ITEM 3.  INCORPORATION OF DOCUMENTS BY REFERENCE.

         First American Corporation (the "Company") is subject to the
informational requirements of the Securities Exchange Act of 1934 (the "1934
Act") and, accordingly, files periodic reports and other information with the
Securities and Exchange Commission (the "Commission"). Reports, proxy statements
and other information concerning the Company filed with the Commission may be
inspected and copies may be obtained (at prescribed rates) at the Commission's
Public Reference Section, Room 1024, 450 Fifth Street, N.W., Washington, D.C.
20549.

         The following documents are hereby incorporated in this Post-Effective
Amendment by reference as of their respective dates:

         (1)      The Company's Annual Report on Form 10-K, filed on March 27,
                  1998, as restated on Forms 8-K, filed on May 11, 1998 and July
                  14, 1998, for the year ended December 31, 1997.

         (2)      The Company's Quarterly Reports on Form 10-Q for the quarters
                  ended March 31, 1998, June 30, 1998, and September 30, 1998,
                  filed on April 30, 1998, August 11, 1998 and November 13,
                  1998, respectively.

         (3)      The description of the Company's Common Stock contained in the
                  Registration Statement on Form 8-A dated April 24, 1972, as
                  amended January 31, 1983, November 29, 1985 and May 13, 1986,
                  filed by the Company to register such securities under the
                  Exchange Act.

         (4)      The description of the Company's Common Stock contained in the
                  Registration Statement on Form 8-A dated November 10, 1998,
                  filed by the Company to register such securities under the
                  Exchange Act.

         All documents filed by the Company pursuant to Sections 13(a), 13(c),
14 or 15(d) of the Securities Exchange Act of 1934 after the date hereof and
prior to the filing of a post-effective amendment which indicates that all
securities offered have been sold or which deregisters all securities then
remaining unsold, shall be deemed to be incorporated by reference herein and to
be a part hereof from the date of filing of such documents.
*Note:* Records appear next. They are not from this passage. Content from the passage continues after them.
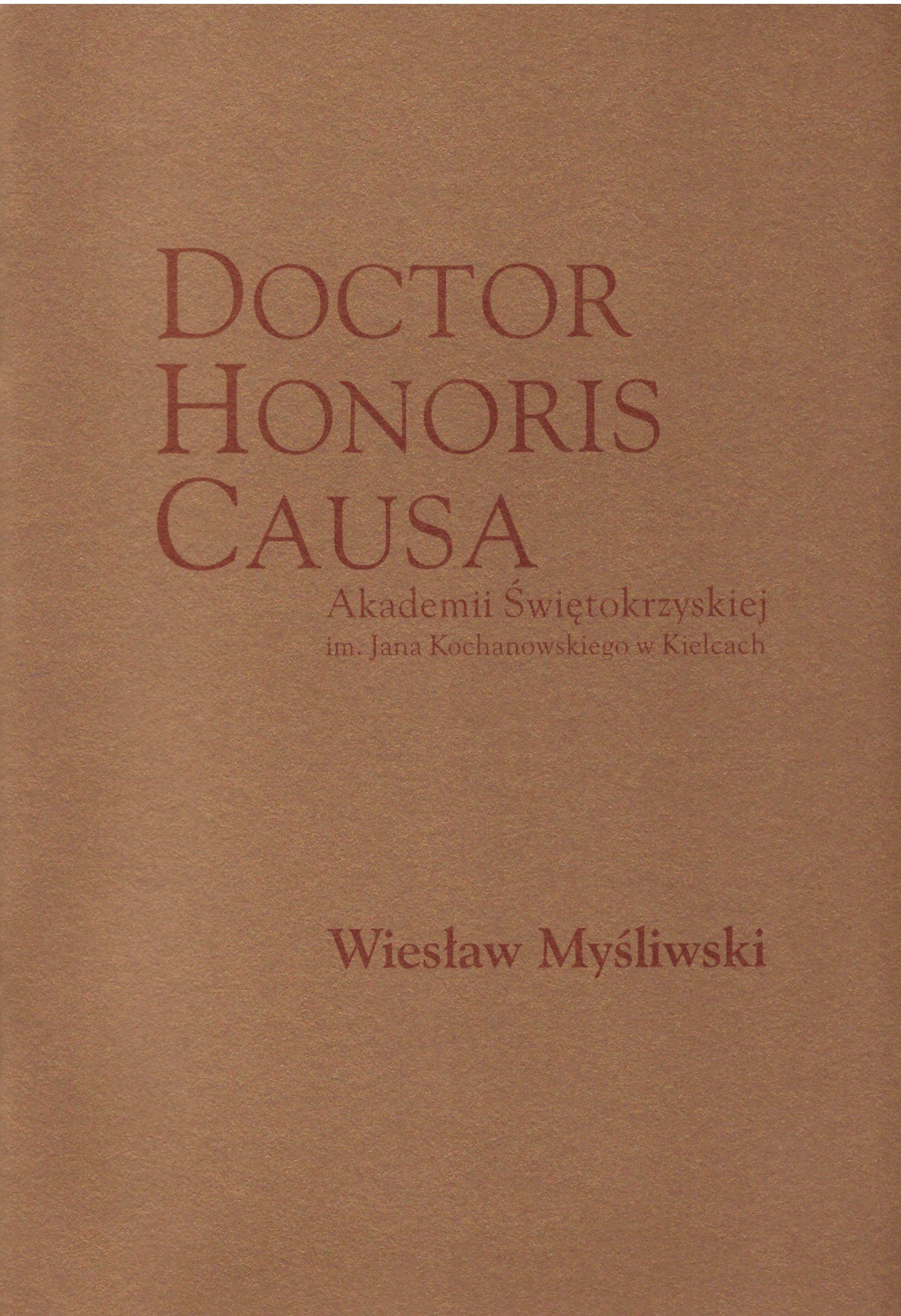 Tyt. okł.: Doctor Honoris Causa Akademii Świętokrzyskiej im. Jana Kochanowskiego w Kielcach - Wiesław Myśliwski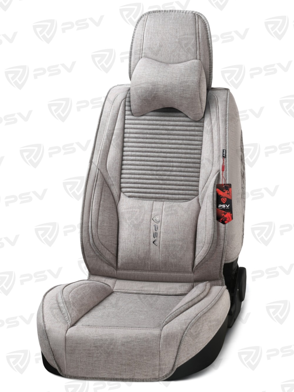 5D дизайн - полностью закрывают бока и заднюю часть спинки передних сидений. Карманы на спинках передних сидений. Материал - лен. Поролон - 15 ММ. Поясничная и боковая поддержка. Лаконичный и современный дизайн. Комплектация - на весь салон. Упаковка - фирменная сумка PSV и подушки для шеи в комплекте.
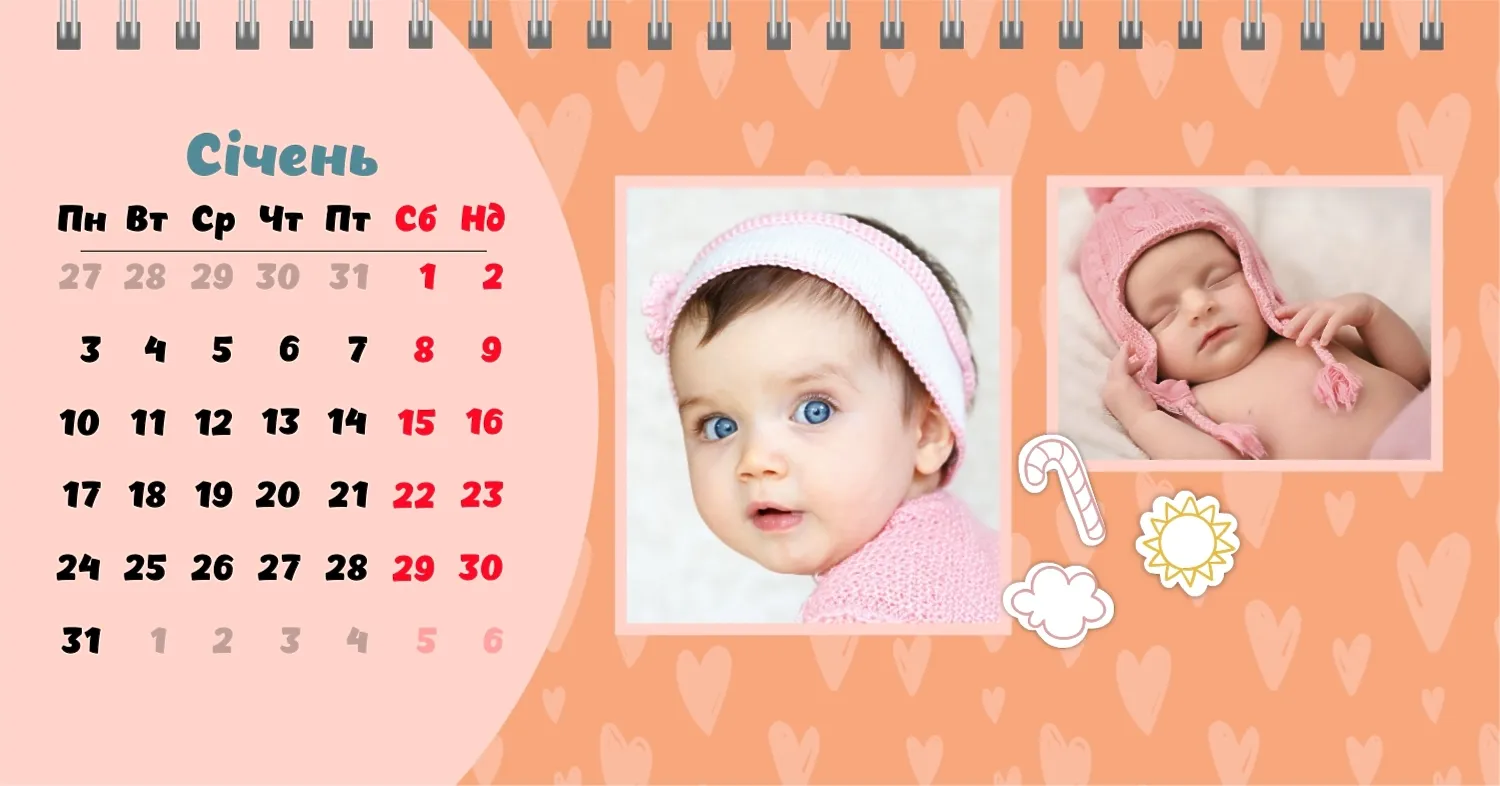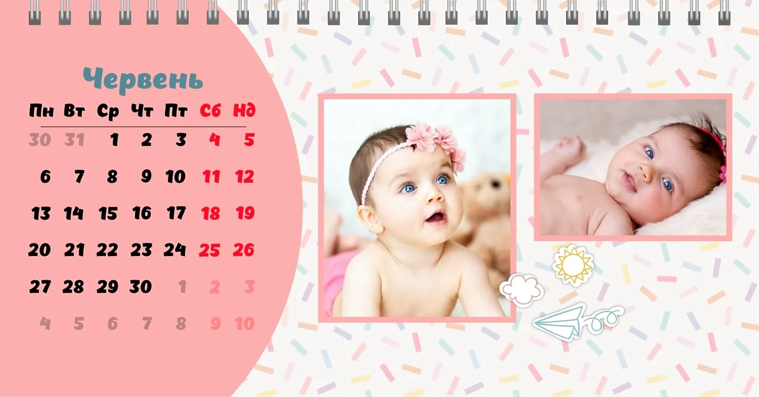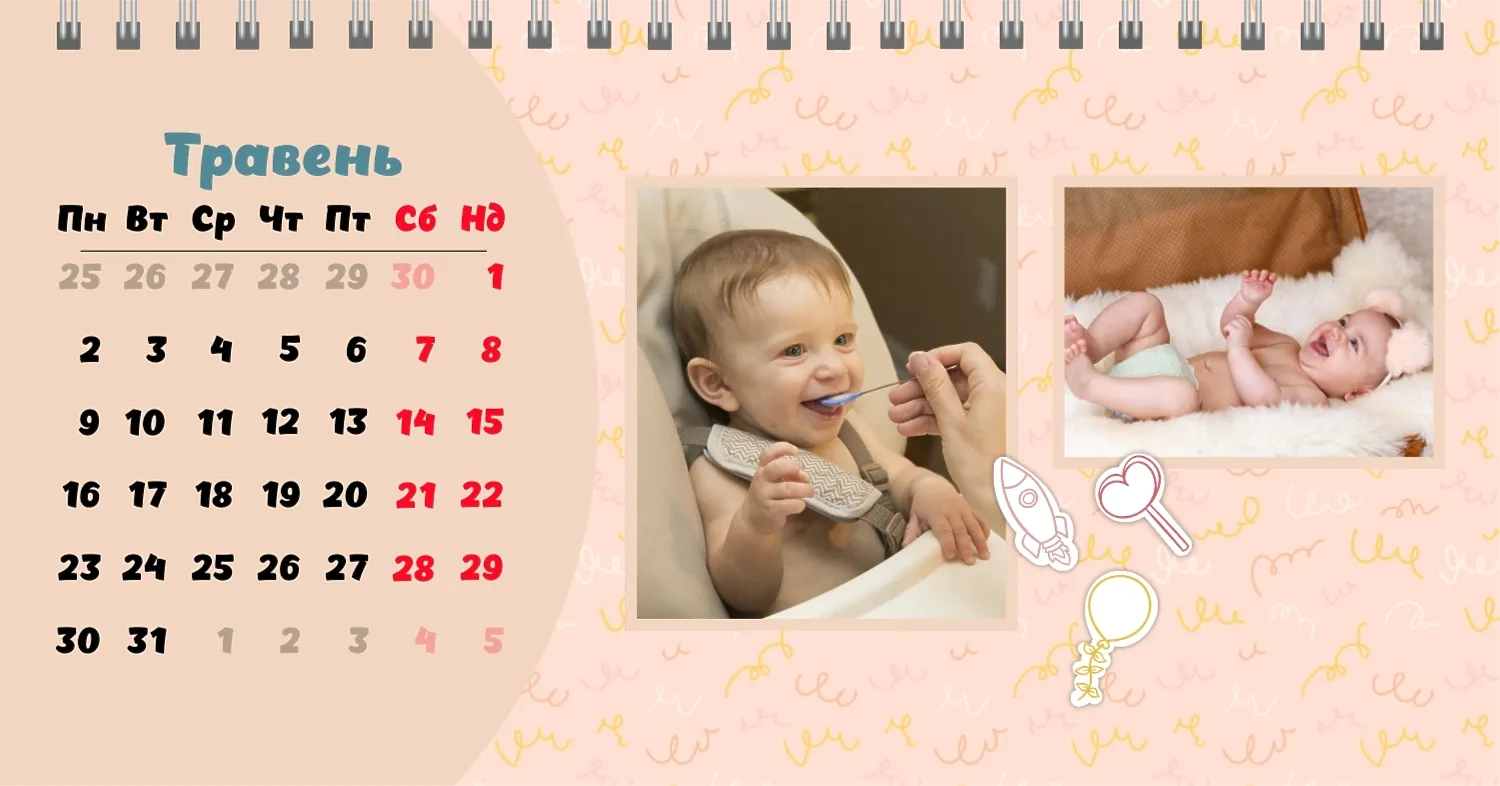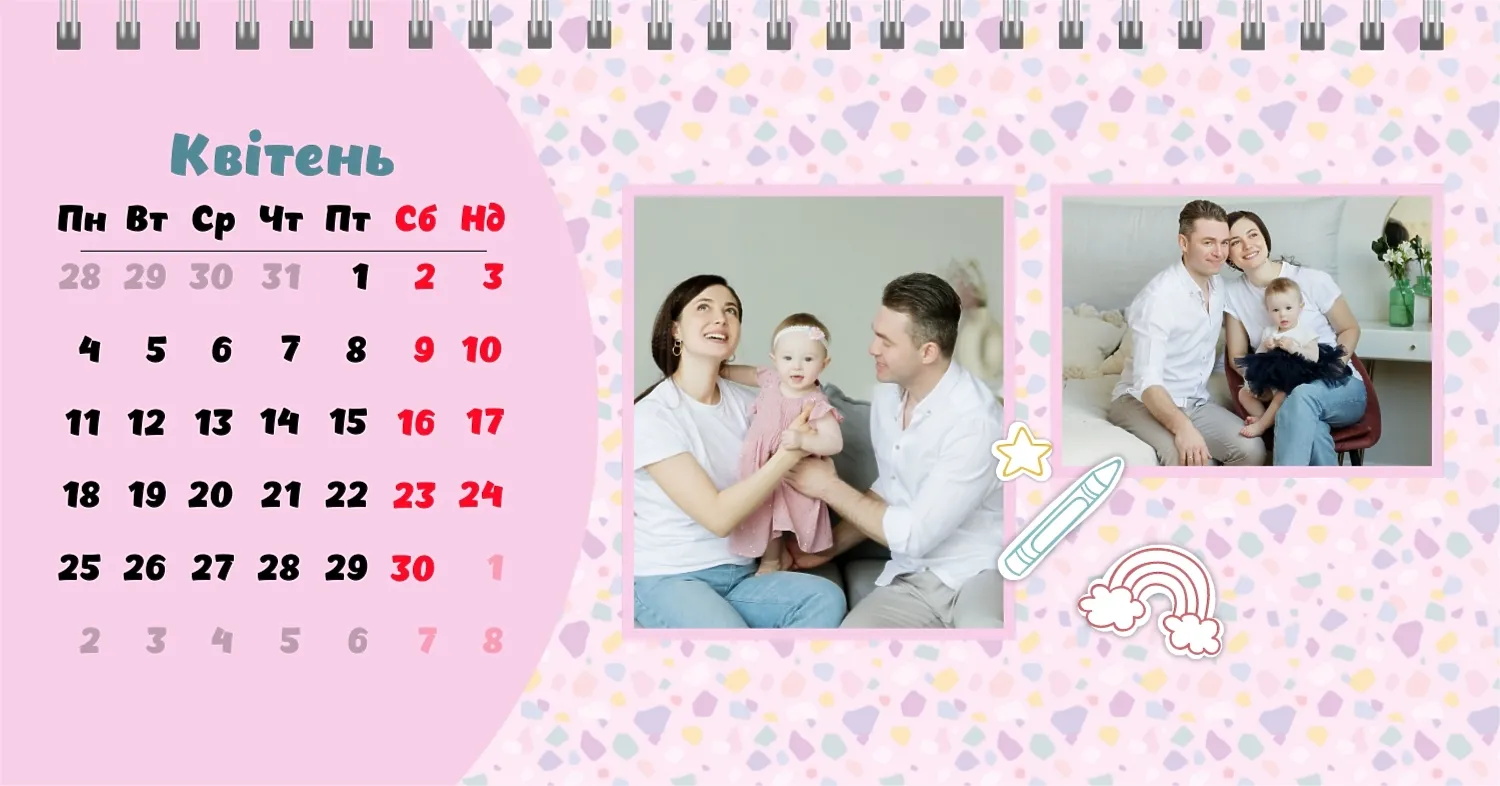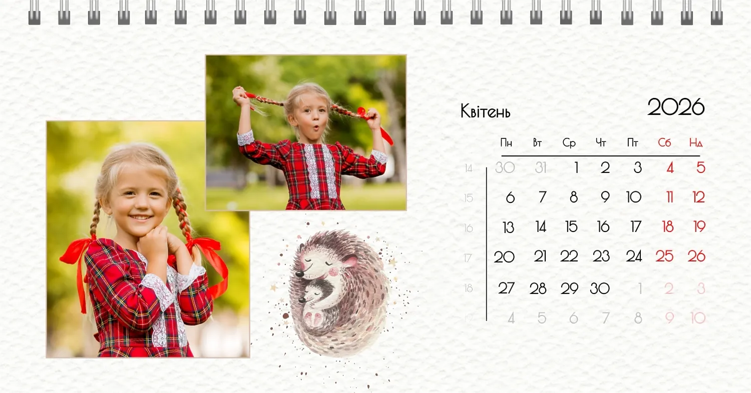Готовий шаблон настільного перекидного календаря з фото дітей і милим декоративним оформленням створений для тих, хто цінує теплі сімейні емоції і хоче перетворити звичайний календар в затишний персональний аксесуар. Ніжні пастельні відтінки, акуратні ілюстрації, дитячі елементи декору і акцент на фотографії роблять такий календар особливо привабливим для батьків, вихователів, педагогів творчих студій, дитячих фотографів і всіх, хто працює з дітьми або створює для них контент. Він підходить для сімейних архівів, дитячих садків, центрів розвитку та невеликих студій, які хочуть запропонувати клієнтам приємний та емоційний продукт. У нашому онлайн-конструкторі цей шаблон легко перетворити під власні завдання. Ви можете замінити фотографії, змінювати розташування елементів, редагувати написи, вибирати інші шрифти і відтінки, додавати декоративні вставки або навпаки — прибирати зайві, щоб створити більш минималистичную композицію. Кожен місяць можна оформити по-різному, додавши важливі дати, індивідуальні примітки або невеликі картинки, які підкреслюють характер дитини або тематику фото.

Any statement
contained in a document incorporated by reference herein shall be deemed to be
modified or superseded for purposes hereof to the extent that a statement
contained herein (or in any other subsequently filed document which is also
incorporated by reference herein) modifies and supersedes such statement. Any
statement so modified or superseded shall not be deemed or to constitute a part
hereof except as so modified or superseded.

ITEM 4.  DESCRIPTION OF SECURITIES.

         Not applicable, as the Common Stock is registered under Section 12 of
the 1934 Act.

ITEM 5.  INTERESTS OF NAMED EXPERTS AND COUNSEL.

         The validity of the Common Stock offered hereby has been passed upon by
Mary Neil Price, Executive Vice President, General Counsel and Secretary of the
Company. At the time of her opinion, Ms. Price was the beneficial owner of
16,492 shares of Common Stock (including shares of Common Stock which may be
acquired upon the exercise of currently outstanding options).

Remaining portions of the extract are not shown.